14. The process as claimed in claim 1, wherein the heavy oil feedstock (101) has a sulfur at a content of greater than 0.5% by weight, a Conradson carbon residue of at least 0.5% by weight, C7 asphaltenes at a content of greater than 1% by weight, transition and/or post-transition and/or metalloid metals at a content of greater than 2 ppm by weight, and alkali and/or alkaline earth metals at a content of greater than 2 ppm by weight.

15. The process as claimed in claim 1, wherein said hydroconversion (c) is carried out under an absolute pressure of between 2 MPa and 38 MPa, at a temperature of between 300° C. and 550° C., at an liquid hourly space velocity LHSV relative to the volume of each hybrid reactor of between 0.05 h−1 and 10 h−1 and under an amount of hydrogen mixed with the feedstock entering hybrid bed reactor of between 50 and 5000 normal cubic meters (Nm3) per cubic meter (m3) of feedstock.

16. The process as claimed in claim 1, wherein the concentration of molybdenum in the conditioned oil feedstock is in a range of 5 ppm to 500 ppm by weight of the heavy oil feedstock.

17. The process as claimed in claim 1, wherein the hydroconversion porous supported catalyst contains at least one metal from the non-noble group VIII chosen from nickel and cobalt, preferably nickel, and at least one metal from group VIB chosen from molybdenum and tungsten, preferably molybdenum, and includes an amorphous support, preferably an alumina support.

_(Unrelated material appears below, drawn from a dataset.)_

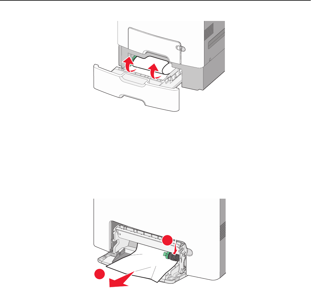 1 Press the paper release lever, and then remove any jammed pages from the multipurpose feeder.

18. The process as claimed in claim 1, further comprising:

a second hydroconversion in a second hybrid ebullated-entrained bed reactor of at least a portion or all of the upgraded material resulting from the hydroconversion (c) or optionally of a liquid heavy fraction that boils predominantly at a temperature greater than or equal to 350° C. resulting from an optional separation separating a portion or all of the upgraded material resulting from the hydroconversion (c), said second hybrid ebullated-entrained bed reactor comprising a second porous supported catalyst and operating in the presence of hydrogen and at hydroconversion conditions to produce a hydroconverted liquid effluent with a reduced heavy residue fraction, a reduced Conradson carbon residue and eventually a reduced quantity of sulfur, and/or nitrogen, and/or metals,

fractionating a portion or all of said hydroconverted liquid effluent in a fractionation section (F) to produce at least one heavy cut that boils predominantly at a temperature greater than or equal to 350° C., said heavy cut containing a residual fraction that boils at a temperature greater than or equal to 540° C.;

optionally deasphalting a portion or all of said heavy cut resulting with at least one hydrocarbon solvent to produce a deasphalted oil DAO and a residual asphalt; and wherein, said hydroconversion (c) and said second hydroconversion are carried out under an absolute pressure of between 2 and 38 MPa, at a temperature of between 300° C. and 550° C., at an hourly space velocity HSV relative to the volume of each hybrid ebullated-entrained bed reactor of between 0.05 h−1 and 10 h−1 and under an amount of hydrogen mixed with the feedstock entering each hybrid ebullated-entrained bed reactor of between 50 and 5000 normal cubic meters (Nm3) per cubic meter (m3) of feedstock.

19. The process as claimed in claim 1, wherein the molar ratio between said organic chemical compound (102) and molybdenum of said catalyst precursor formulation (104) is comprised between 1:1 and 5:1.

20. The process as claimed in claim 1, wherein (b) comprises heating at a temperature between 300° C. to 400° C.